I had my cholesterol checked a couple weeks ago and my doctor’s PA immediately yelled STATINS at me (non-fasting, TC 283, LDL 170, HDL 87, Tri 92, VLDL 18), which I refuse to do given the increased risk of statin-induced diabetes in post-menopausal women.
I wouldn’t call myself a hyper responder since my lipid panels have been pretty constant through my adult life but like those that just want to get their doctors off their back, I will be using the Feldman protocol and having another test soon. I meticulously log my food (I’m a Cronometer fan) and will be able to provide that data as well.
Cheers, and thank you so much for your work in this field!
Yep — your numbers look so standard to me now. I’ve had so many people write in with this profile after going low carb and so many think they are an exception, that there’s something wrong with their numbers in particular.

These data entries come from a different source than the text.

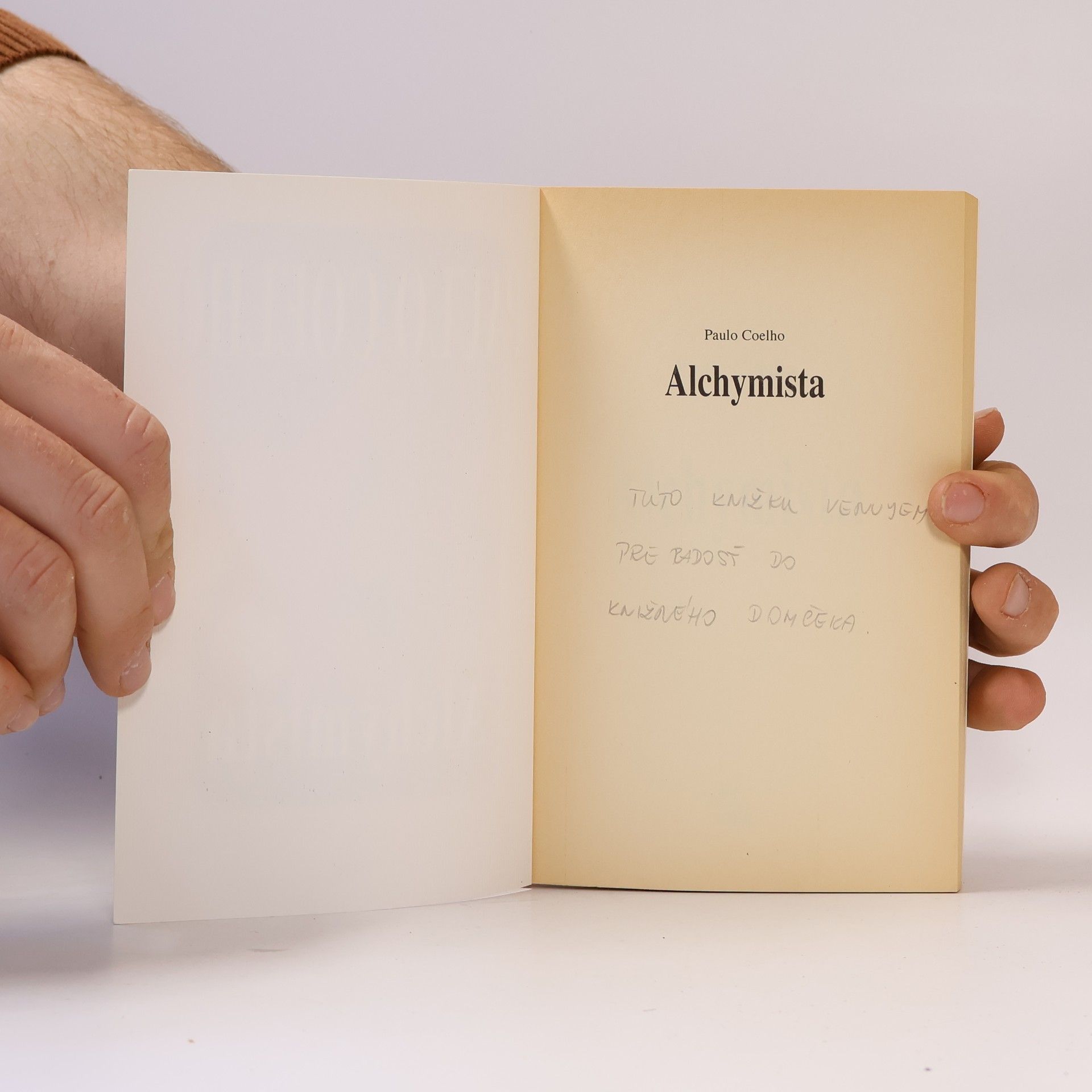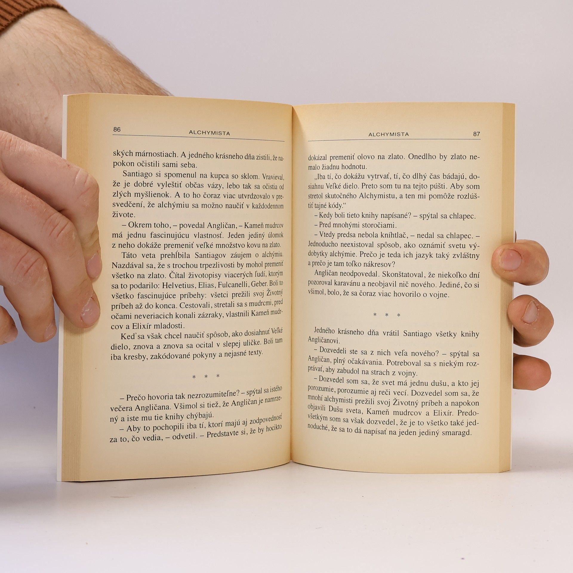 Symbolické putovanie andalúzskeho pastiera Santiaga za pokladom do Egypta. Prostredníctvom symbolického jazyka alchýmie sa Paulo Coelho snaží sprostredkovať poznanie, v čom spočíva podstata šťastia i to, že poslaním každého človeka je ísť po stopách znamení za svojím Osobným príbehom.
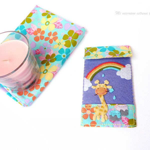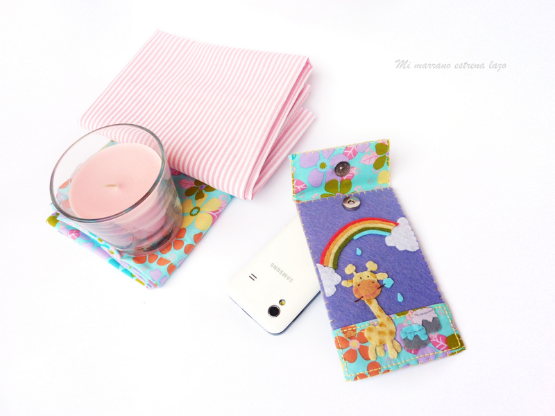 Aqui da un sol tremendo, he visto las primeras mariposas y el campo se ha llenado de flores amarillas, verdes y violetas, así que no hay mejor momento para presentaros la funda : Pintando el arco iris.
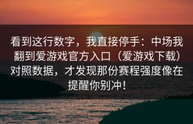看到那一行数字,我直接停手。那不是直觉,是经验在敲警钟:中场休息时,我顺手翻到爱游戏官方入口(爱游戏...
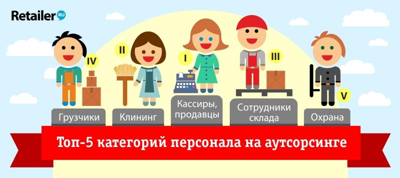 Средняя доля HR-аутсорсинга в торговых сетях составляет 15−20%. Максимальная планка может достигать 50%. 16% респондентов используют сторонний мерчендайзинг. Чаще всего персонал на аутсорсинге привлекают для работы в больших форматах — гипермаркетах и супермаркетах.
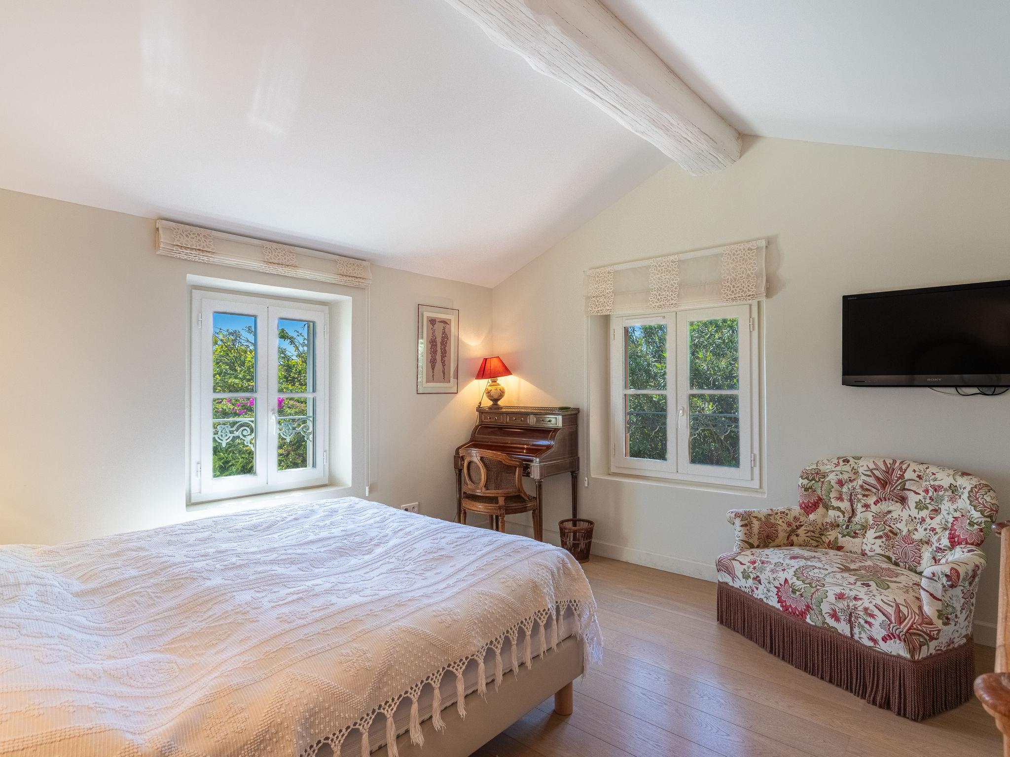 Single-family house "Le Clos du Pierredon", 2 storeys. On the outskirts, 900 m from the centre of Grimaud, 6 km from the sea. Private: well-kept garden with lawn 2'000 m2 trees, swimming pool (6 x 12 m, depth 90 - 220 cm, seasonal availability: 01.May. - 30.Sep.). Parking (for 2 cars). Shop, grocery 900 m, supermarket 3.5 km, restaurant 700 m, bus stop "Font Mourier" 3.8 km, sandy beach "Port Grimaud" 6 km. Sports harbour 6 km, golf course (18 hole) 7 km, sailing school 6 km. Nearby attractions: Port Grimaud 6 km, Parc d'attractions Azur Park 5.5 km, Saint Tropez 13 km, Sainte Maxime 12 km, Cannes 96 km, Nice 110 km. Well-known lakes can easily be reached: Lac de Sainte Croix 95 km. Hiking paths: Massif de l'Esterel 50 km. Please note: car recommended. The keys‘ handover takes place by the agency Interhme in Gassin, 6 km.

The irony is how impressive HDL can get, and how commonly this is ignored. Note that in the massive UC hospital admittance study (N=137k), over half (54.6%) had an HDL below 40 and over 90% had an HDL below 60. Takeaway for me: Probably better to be hanging with the over 60 HDL crowd. 🙂
I’m 53 and I’m in ketogenic diet about 1.5 years.
I made the 3 days high fat:
day1: 3685 kcal, protein:147gr, fat: 326 gr, carbohydrate: 30 gr, fibers: 7 gr, net carbohydrate: 23gr
day2: 3680 kcal: protein: 100gr, fat 350 gr, carbohydrate: 33 gr, fibers: 12 gr, net carbohydrate: 21gr
day3: 4748 kcal: protein: 100gr, fat 468 gr, carbohydrate: 30 gr, fibers: 7 gr, net carbohydrate: 23gr
TC decrease from 390 to 371
LDL decrease from 283 to 260
TG increase from 194 to 231
HDL decrease from 68 to 64
so, from my point of view. the change is minimal and the increase in TG was problematic.
Thanks for the data!
Obviously, the protocol isn’t mean to change your steady-state lipid levels (its tough to eat so much!). It’s really meant to show how dynamic they are, and in what direction they move in response to food. It can also be useful when dealing with someone who incorrectly believes they are static, who might say, give you a different insurance rate.
I agree TG is a bit high. Has that changed compared to pre-keto?
thanks for your answer.
I know it’s not a way of life but I hope the change be greater.
my number before the ketogenic diet;
there is no doubt that the change is because of the diet.
Your case is very fascinating!
So you had higher TG before going LCHF, but the decrease wasn’t substantial afterward. Yet your HDL went way, way up relatively. Usually, if TG falls a lot, HDL rises a lot — and vice-versa, but that scenario is not a good one!
This leads me to guess you’ve upped your foods rich in saturated fat. However, you may either more significant long-term insulin resistance you’re working on coming back from, or a genetic predisposition to hypertriglyceridemia. Do you know if your family has higher than usual TG overall?